Looking back at data from 2018 reveals that to effectively combat today’s ever-evolving threats, you need to break down siloes and bring many traditionally disparate security tools together to establish a collaborative approach that can help you see everything that’s coming at your network.

With the volume, velocity, and variety of modern threats increasing, standalone devices and platforms are rapidly becoming inadequate and ineffective. Organizations need a more unified approach that makes it practical for security teams, large or small, to achieve and maintain a competent security posture.

A unified defense posture helps companies detect known and unknown threats at multiple layers throughout the entire distributed environment. And when combined with an internal network segmentation strategy, organizations can not only better detect but also automatically contain threats looking to expand laterally across the network.

In the case of the threat discussed here, a strong countersteganographic kill chain needs to include tools that:

  • Use threat intelligence to stay current with steganographic and other threat innovations.
  • Observe and test suspected steganographically obscured malware.
  • Inspect applications and other code that might conceal malicious content.
  • Block known steganographic message traffic.
  • Expedite and prioritize vulnerability patches, updates, and policy controls.
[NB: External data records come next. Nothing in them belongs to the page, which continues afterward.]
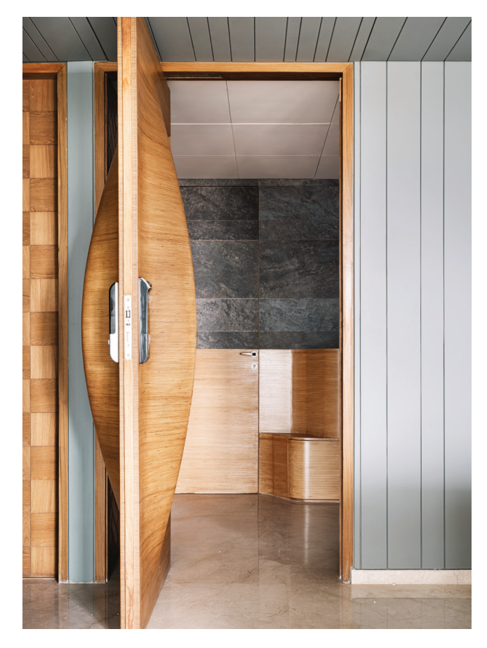
Is it an installation? Is it a wall? No, just the front door designed like a larger-than-life sculpture

The metallic see-through partition demarcating the living and dining areas is of particular note. It channels a gilded cage, a curious antithesis to the chandelier above the dining table, which evokes a free bird in flight. With spaces that contrast yet complement, echo one another yet hold their own, this home is a sum of many beautiful parts. ♦ andblackstudio.com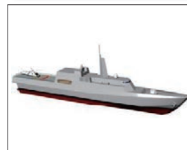
New destroyer (image)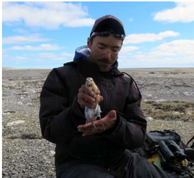
Figure 5. The rufa Red Knot is endangered in Canada and under consideration for listing in the United States. Southampton Island is within the core of its breeding range. Working with collaborators Larry Niles (Conserve Wildlife Foundation New Jersey) and Rick Lathrop (Rutger's University), we have produced a model describing preferred habitat across Southampton Island. Warmer colours (greens and yellows) indicate preferred habitat, while blue indicates unsuitable areas.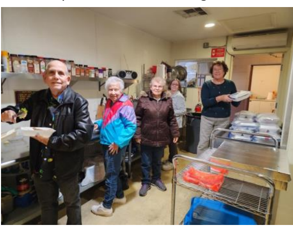
Members were out in full force to serve dinners of chicken pot pie, salad, veggies, and dessert prepared for the monthly service to help feed the needy at the Samaritan Center.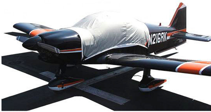
Robin R.2160 Canopy Cover

the hottest of days. It is water, ice and snow repellent, yet breathable to allow moisture to escape from between the cover and the aircraft surface.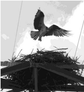
Photo of an eagle which I took at Clark Hill Lake landing in its nest which was on top of a steel tower in the middle of the lake. Image on the left is actual photo and a negative image of the same on the right.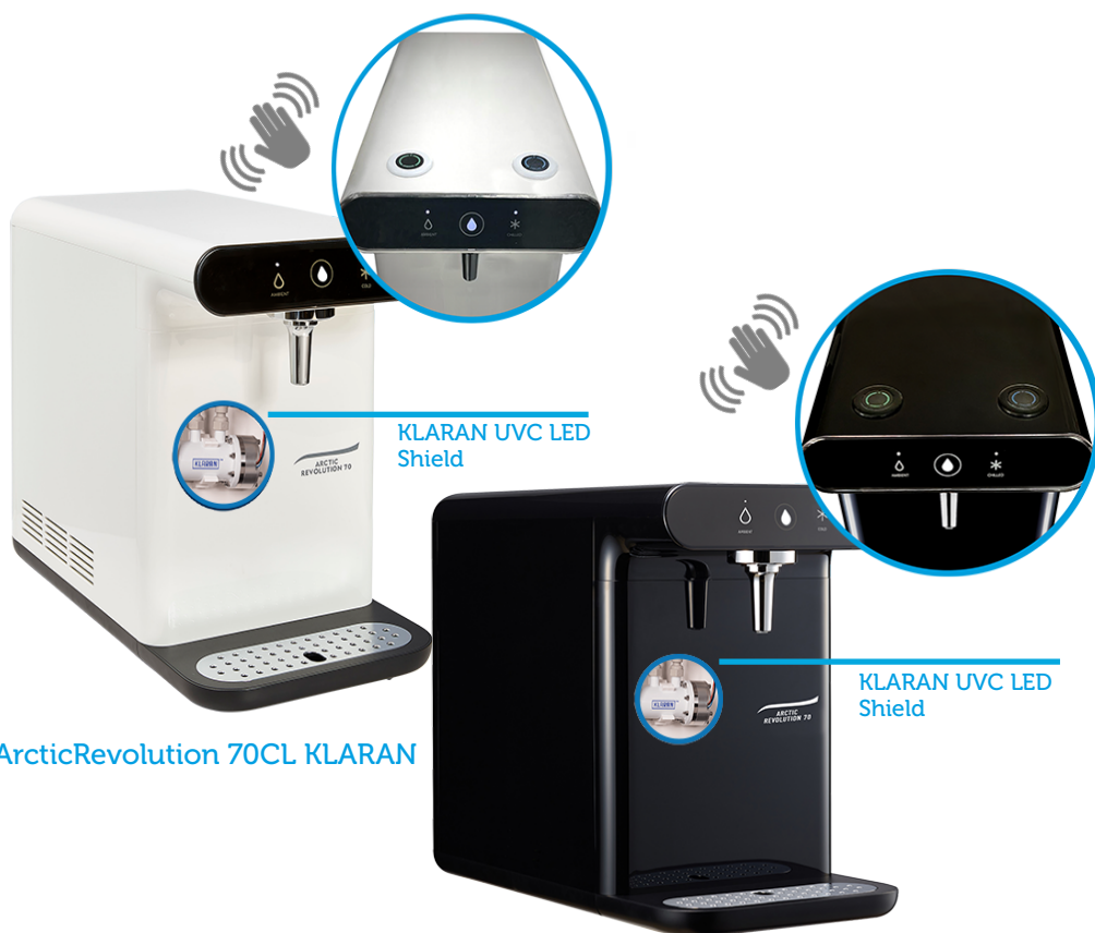
ArcticRevolution 70CL KLARAN

The KLARAN UVC LED shield is situated between the direct chill tank and the dispensing tap to provide point of dispense protection from bacteria and viruses

Organizations need to keep informed about and track popular and successful threats to protect their networks against application exploits, malicious software, botnets, and zero-day vulnerabilities such as steganography. There’s never a dull moment in cybersecurity; IT teams must constantly stay abreast of the latest threats, including older threats that are reappearing in new forms, to keep their network secure.

(Derek Manky is Chief of Security Insights and Global Threat Alliances at Fortinet. He has more than 15 years of cybersecurity experience and helps customers formulate security strategy.)